The function accepts two parameters, crawlingContext
and requestAsBrowserOptions
, which are passed to the requestAsBrowser()
function the
crawler calls to navigate. Example:
preNavigationHooks: [
async (crawlingContext, requestAsBrowserOptions) => {
requestAsBrowserOptions.forceUrlEncoding = true;
},
]
postNavigationHooks
Type: Array<Hook>
Async functions that are sequentially evaluated after the navigation. Good for checking if the navigation was successful. The function accepts
crawlingContext
as the only parameter. Example:
postNavigationHooks: [
async (crawlingContext) => {
// ...
},
]
additionalMimeTypes
Type: Array<string>
An array of MIME types you want the crawler to load and process. By default, only text/html
and application/xhtml+xml
MIME types are
supported.
suggestResponseEncoding
Type: string
By default CheerioCrawler
will extract correct encoding from the HTTP response headers. Sadly, there are some websites which use invalid headers.
Those are encoded using the UTF-8 encoding. If those sites actually use a different encoding, the response will be corrupted. You can use
suggestResponseEncoding
to fall back to a certain encoding, if you know that your target website uses it. To force a certain encoding, disregarding
the response headers, use CheerioCrawlerOptions.forceResponseEncoding
// Will fall back to windows-1250 encoding if none found
suggestResponseEncoding: 'windows-1250'
forceResponseEncoding
Type: string
By default CheerioCrawler
will extract correct encoding from the HTTP response headers. Use forceResponseEncoding
to force a certain encoding,
disregarding the response headers.
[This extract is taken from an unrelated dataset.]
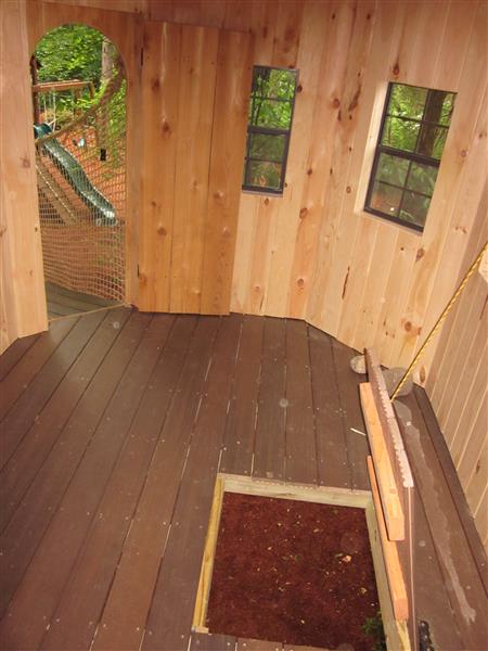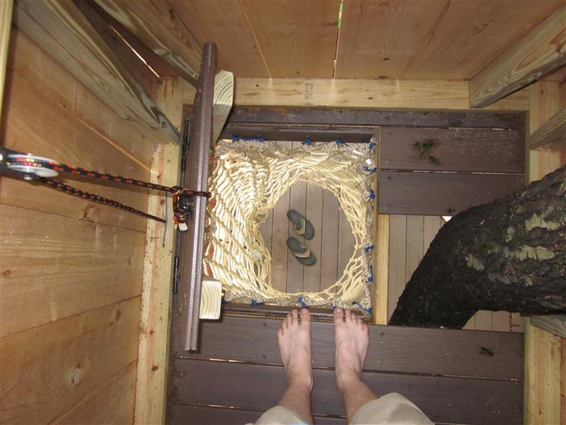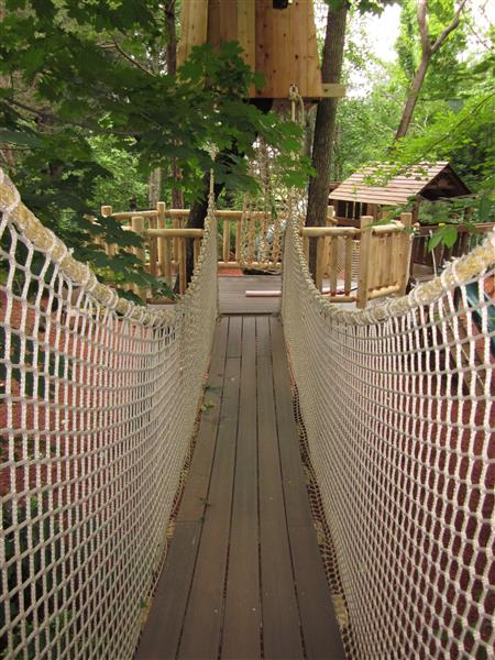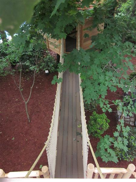 This is the bridge viewed from the back door of the treehouse. The crow's nest is visible above the open platform as you walk across the bridge.
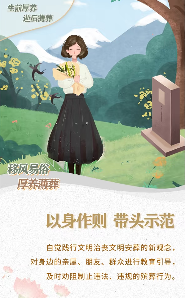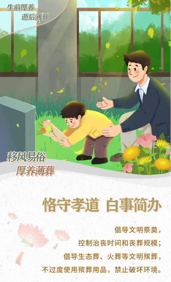 “但存方寸地,留与子孙耕”,倡导采用骨灰格位存放等少占土地、少耗资源的安葬方式,使安葬活动更好地促进人与自然和谐发展;不在出殡沿线使用高音喇叭、抛撒冥币纸钱、燃放烟花爆竹等噪声扰民和污染环境卫生的行为,以简朴、环保的新礼俗表达对逝者的哀思。

To only provide a default for missing encodings, use
CheerioCrawlerOptions.suggestResponseEncoding
// Will force windows-1250 encoding even if headers say otherwise
forceResponseEncoding: 'windows-1250'
maxRequestRetries
Type: number
= 3
Indicates how many times the request is retried if either requestFunction
or handlePageFunction
fails.
maxRequestsPerCrawl
Type: number
Maximum number of pages that the crawler will open. The crawl will stop when this limit is reached. Always set this value in order to prevent infinite loops in misconfigured crawlers. Note that in cases of parallel crawling, the actual number of pages visited might be slightly higher than this value.
autoscaledPoolOptions
Type: AutoscaledPoolOptions
Custom options passed to the underlying AutoscaledPool
constructor. Note that the runTaskFunction
, isTaskReadyFunction
and isFinishedFunction
options are provided by CheerioCrawler
and cannot be overridden. Reasonable Snapshotter
and
SystemStatus
defaults are provided to account for the fact that cheerio
parses HTML synchronously and therefore blocks the
event loop.
minConcurrency
Type: number
= 1
Sets the minimum concurrency (parallelism) for the crawl. Shortcut to the corresponding AutoscaledPool
option.
WARNING: If you set this value too high with respect to the available system memory and CPU, your crawler will run extremely slow or crash. If you're not sure, just keep the default value and the concurrency will scale up automatically.
maxConcurrency
Type: number
= 1000
Sets the maximum concurrency (parallelism) for the crawl. Shortcut to the corresponding AutoscaledPool
option.
useSessionPool
Type: boolean
= true
If set to true Crawler will automatically use Session Pool. It will automatically retire sessions on 403, 401 and 429 status codes. It also marks Session as bad after a request timeout.
sessionPoolOptions
Type: SessionPoolOptions
Custom options passed to the underlying SessionPool
constructor.
persistCookiesPerSession
Type: boolean
Automatically saves cookies to Session. Works only if Session Pool is used.
It parses cookie from response "set-cookie" header saves or updates cookies for session and once the session is used for next request. It passes the "Cookie" header to the request with the session cookies.